[Material for the task]

----

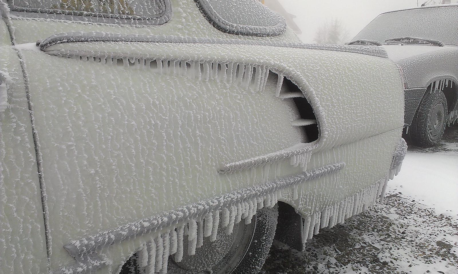Bufík už delší dobu stávkoval a ani toto ho nepřimělo k naskočení. Z nárazníku led odtál sám cestou domů, ze zadní kapoty šel oloupat před vjezdem do garáže a zbytek roztával 5hodin při cca 13st. C. byl to souvislý cca 1cm silný led.
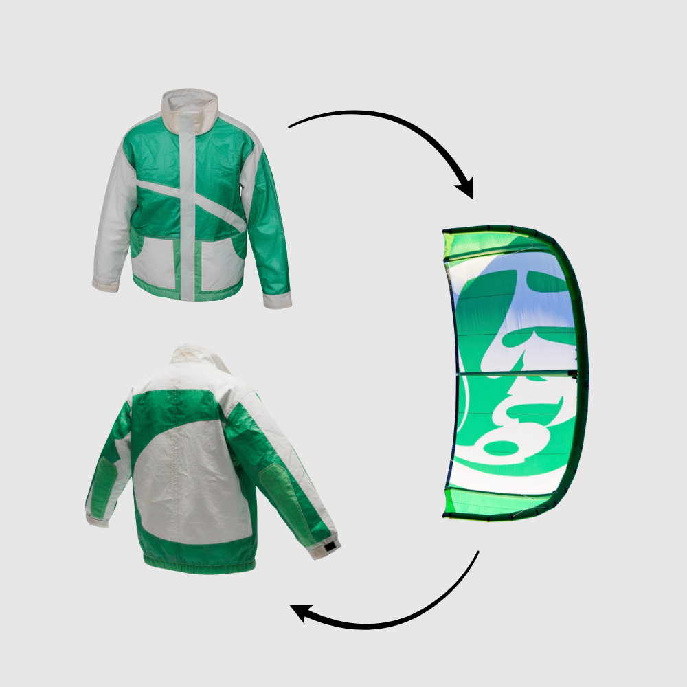 By choosing to upcycle your kite/wing, you can close the loop — transforming technical waste into a unique, personalized jacket that carries your story.
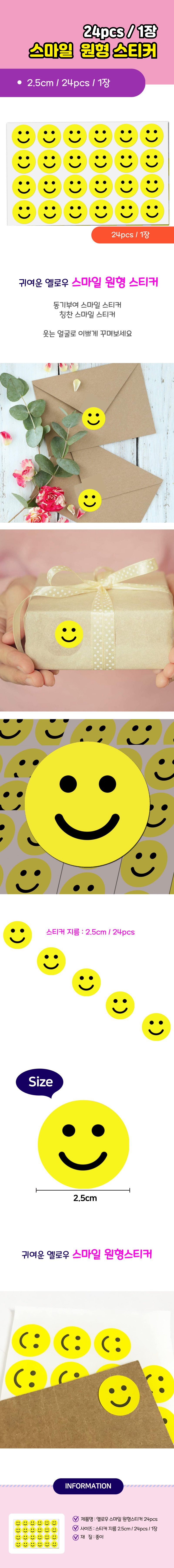 옐로우 스마일 원형 스티커 1장 24pcs 다꾸 칭찬 S-283
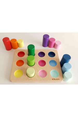 أسطوانات الطاولة المتناسبة MNZ-Montessori والبطاقة التعليمية والحقيبة والبوب الخشبي الطبيعي WT-28
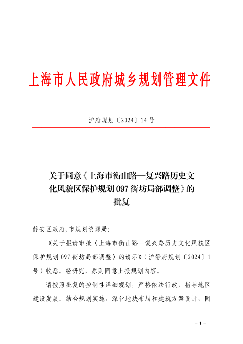 《关于报请审批〈上海市衡山路—复兴路历史文化风貌区保护规划097街坊局部调整〉的请示》(沪静府规划〔2024〕1号)收悉。经研究,原则同意上报规划内容。
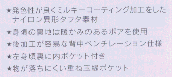 表地:ポリエステル100%(異形タフタ・撥水加工)
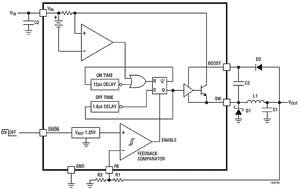 LT1934系列芯片是一種由基準電壓源、振蕩電路和誤差放大器等構成的、PWM控制的CMOS降壓型DC/DC控制器。主要指標:輸入電壓為3.3?34V,輸出電壓為1.5?6.0V,可以0.1V為進階單位來進行設定;低靜態(tài)電流12μA最大值,最大輸出電流300mA。圖4為LT1934的基本電路。
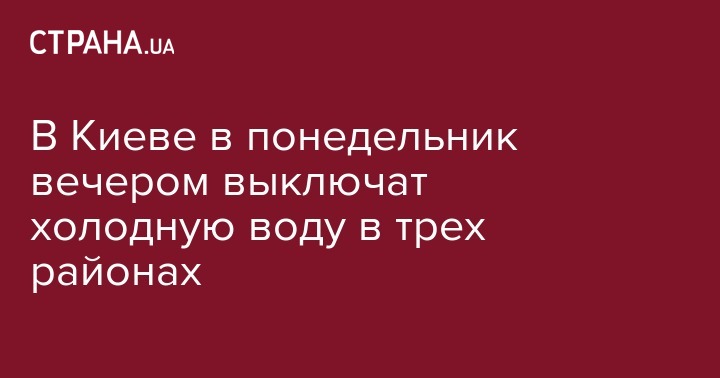 В Киеве в понедельник вечером выключат холодную воду в трех районах
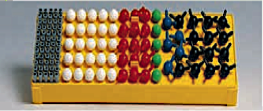 Предназначен для составления объемных моделей молекул веществ и моделирования химических реакций. Включает 47 моделей атомов (шары диам. 3 и 6 см с отверстиями); гибкие соединительные элементы, равные валентности атомов; модель атома гелия — кольцо с перемычкой. На каждой модели атома нанесено обозначение химического элемента, порядковый номер, относительная атомная масса.
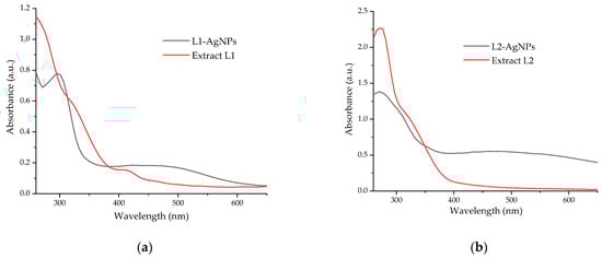 UV-Vis spectra of AgNP phytosynthesized, compared with the corresponding extracts: (a) L1, (b) L2, (c) L3, and (d) L4.
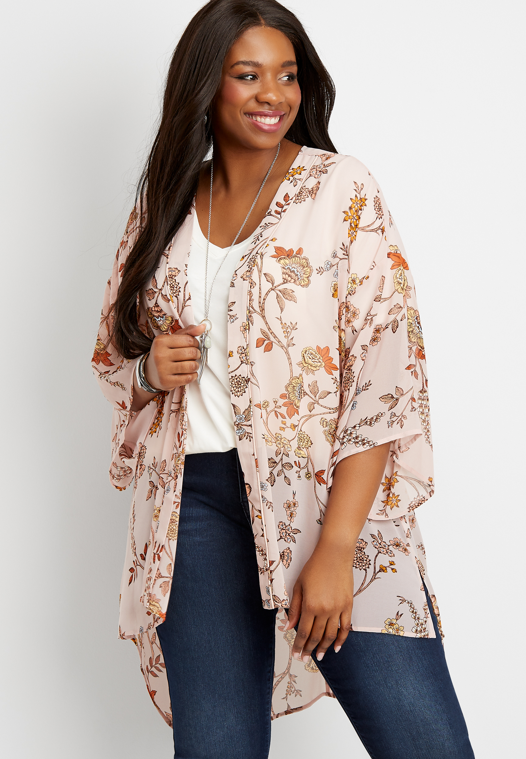 Plus size floral on sale kimono cardigan
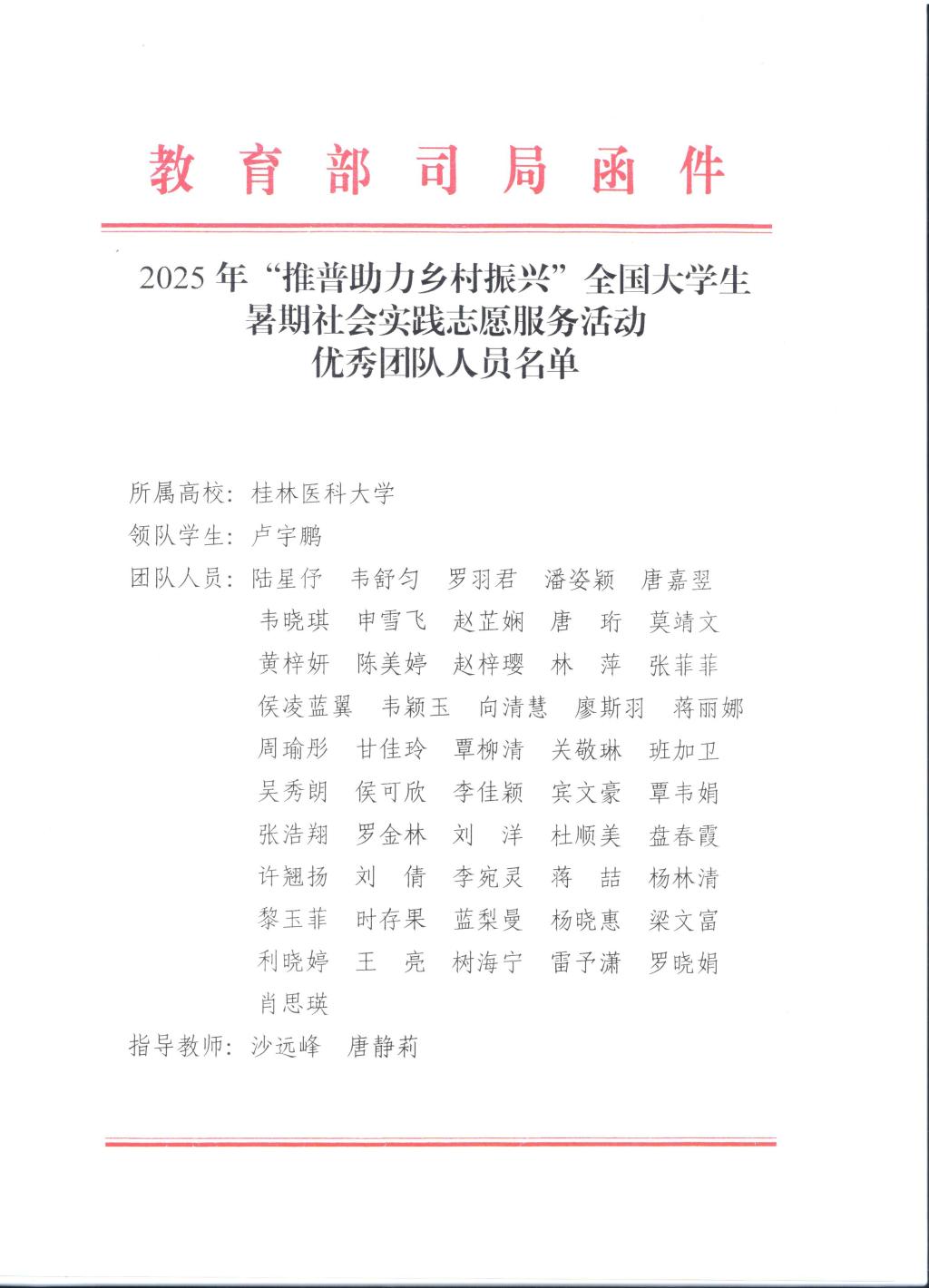 近日,教育部语言文字应用管理司、共青团中央青年发展部联合发文,对在2025年“推普助力乡村振兴”全国大学生暑期社会实践志愿服务活动中表现突出的团队与师生予以表扬。我校“微光成炬”推普助力乡村振兴服务团凭借扎实的实践成果与创新的育人形式,荣获优秀团队表扬。

----

Only one part of the listing is wanted: the lines from the one containing "By choosing to" through the one containing "أسطوانات الطاولة المتناسبة", both included. Please transcribe it exactly, leaving out the pictures.

[Task output]
 By choosing to upcycle your kite/wing, you can close the loop — transforming technical waste into a unique, personalized jacket that carries your story.
 옐로우 스마일 원형 스티커 1장 24pcs 다꾸 칭찬 S-283
 أسطوانات الطاولة المتناسبة MNZ-Montessori والبطاقة التعليمية والحقيبة والبوب الخشبي الطبيعي WT-28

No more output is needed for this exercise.